This not only changed the landscape of Okinawa's coast line, but it has also affected the marine ecosystem inside the reef. The adan tree, which is a thorny "screw pine", has always been abundant along the shoreline. It also produces a fruit that is non edible for humans, but is a food source for the giant palm tree crab and other species of crab that live on the beach. The mokumo however, has infiltrated much of the coastline, taking away space for the expansion of the adan tree and eliminating an important food supply within the food chain. The result has been a decrease in the amount of crabs, which means a decrease in the amount of fish that feed off their eggs.

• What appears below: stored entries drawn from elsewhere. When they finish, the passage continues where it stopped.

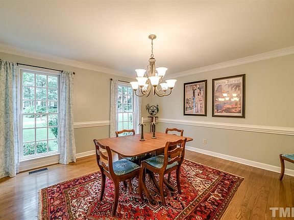 Don't miss this rare opportunity to own this stunning property on a picturesque wooded lot on almost 1/2 Acre! 5 BR/3.5 BA. Completely updated throughout w/updated kitchen/bathrooms/fixtures, dormer windows/trim, New Bronze Gutters, New Roof '15. Large Deck for entertaining. Landscaping & Irrigation. Oversized 2nd floor bonus + finished 3rd floor w/bedroom/bathroom/office. The neighborhood itself is distinctive with pool, tennis courts,walking trails, & proximity to Cary Shopping.
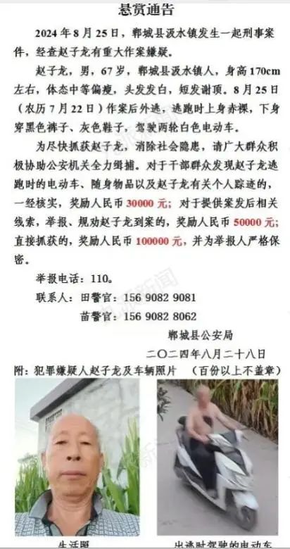 悬赏通告显示,8月25日,郸城县汲水镇发生一起刑事案件,经查赵子龙有重大作案嫌疑。赵子龙,男,67岁,郸城县汲水镇人,身高170cm左右,体态中等偏瘦,头发发白,短发谢顶。8月25日(农历7月22日)作案后外逃,逃跑时上身赤裸,下身穿黑色裤子、灰色鞋子,驾驶两轮白色电动车。
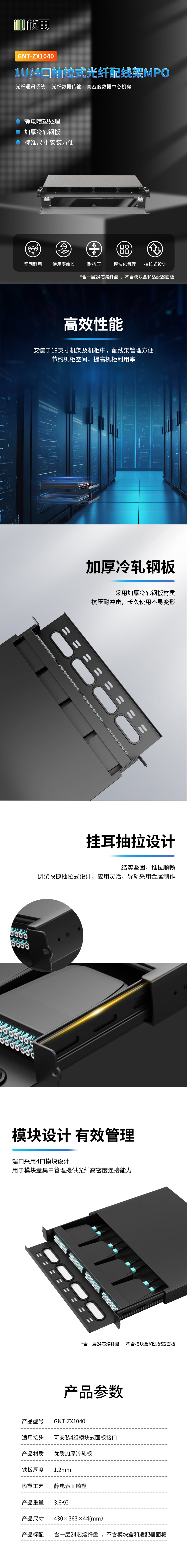 MPO配线架-1U 4口抽拉式 无盘 GNT-ZX1040

The third part of the training course, took trainees on a snorkeling excursion along the reef. Students were able to see the different coral species that make up the majority of Okinawa's reef, while learning how some species have become nearly extinct do to stress from coastal development and other related activities.

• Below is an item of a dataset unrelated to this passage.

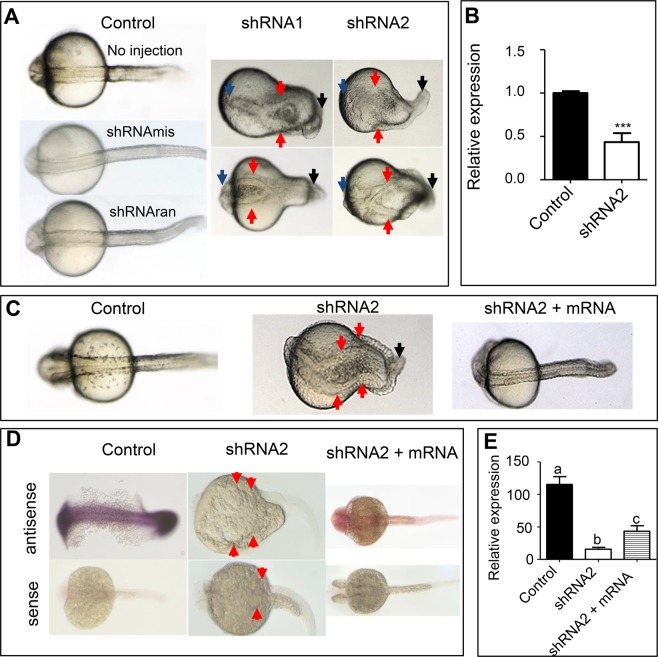 Knockdown of Drfundc1 caused abnormal body axis development in zebrafish embryos (A,B), which was repaired by Drfundc1 mRNA (CE). (A) Midline bifurcation and headless embryos caused by microinjection of Drfudnc1 shRNA1 or shRNA2 into zygotes at 24–28 hpf. (B) shRNA2 significantly decreased endogenous Drfundc1 in the embryos (***P < 0.001), as measured by qRT-PCR with normalization by β-actin. (C) Co-injection of Drfundc1 mRNA repaired defects caused by shRNA2. Before injection, 200 pg/nL of shRNA2 was mixed with 400 pg/nL of mRNA. Control embryos were not injected. (D) WISH results of Drfundc1 in embryos with different treatments. (E) Gray-scale analysis of WISH results of Drfundc1 (D), measured using ImageJ. Letters a, b, and c indicate significance (P < 0.05). All embryos were oriented with a dorsal view. Arrows point to abnormal sites in the embryos.

Other instructors that participated were coral researcher Kazayuki Shimoike, Okinawa Environmental Analyst Center's Tadanori Nishime, Okinawa University Professor Fujio Uehara, and Eiji Nakada from Okinawa International University.

Yomitan plans to continue the program every year, gradually increasing the amount of qualified ecology guides. People who complete the course, will not only have a good understanding about coastal ecosystems, but will also be trained on how to teach children in an enjoyable way. "We need to educate children about the damage coastal development can cause," mentioned Yokoi. It is important for people to realize that the beach is not just a place to enjoy, but that there are also living creatures there," added Owan.

Hopefully, programs like the one created by Yomitan will expand throughout Okinawa, and a new generation of environmentally conscious Okinawans will be able to co-exist with nature and not destroy it.